5. The Receipt (Visual Verification) Here is the massive win. The AI replies: "Done. Your payment of $145.00 is processed. Remaining balance: $1,200. [View Receipt]"

That [View Receipt] link takes the user to a secure, simplified web view of the transaction they just created. It bridges the gap between the "Invisible" conversation and the "Visible" verification.

Confidence in the Code

In this scenario, the AI never "decided" to allow the payment. The App allowed the payment. The AI just pushed the button.
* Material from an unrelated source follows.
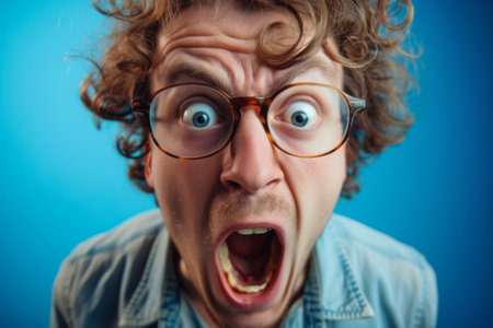 Closeup portrait of a young man with glasses and surprised facial expression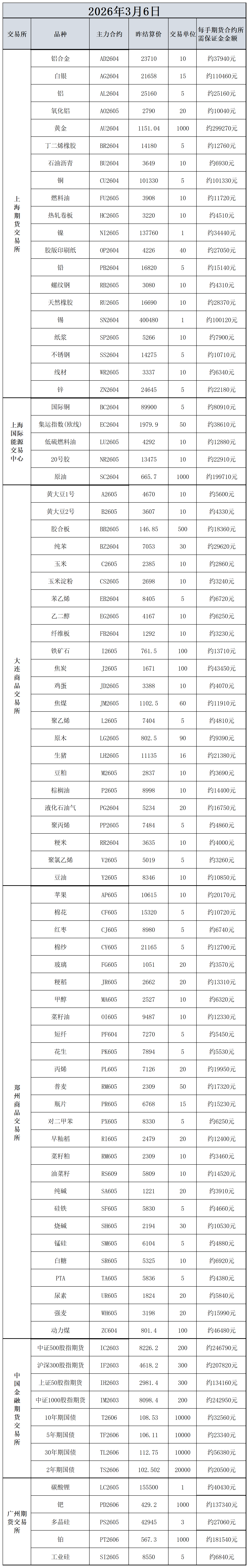 3月6日主力合约保证金数据表

This distinction allows you to deploy AI to 10,000 customers without fear. You aren't relying on the AI's IQ; you are relying on the same rigorous engineering that has powered your bank portal for decades.

Stop trying to teach AI your business rules. Give it a Portal.

Ready to deploy safe, deterministic AI?
Learn how the Micro-Ontology turns your App into an Agent.

The UI is the Training Manual

Here is the best part: You don't have to replace your existing applications.

We know you have "Systems of Record" that work perfectly. You aren't going to rewrite your core platform just to get a chatbot.

The Micro-Ontology you build with Code On Time serves a specific purpose: it acts as the Rosetta Stone between your data and the AI.

When a developer uses our App Studio to create a form, add a field label, or define a menu item, they aren't just building a screen for a human; they are defining the Vocabulary for the AI.

  • The label "Source Account" tells the AI what to ask for.
  • The "Transfer" menu item tells the AI what capability is unlocked.
  • The "Confirm" modal tells the AI when to pause and verify.

This UI doesn't need to replace your corporate portal. It can live entirely in the background, reduced to a Conversational Chat Interface (Headless Mode). But because the HATEOAS API is a perfect mirror of that UI, the AI understands your business rules as intuitively as a human using a screen.

You build the UI to teach the AI. If humans use it too, that’s just a bonus.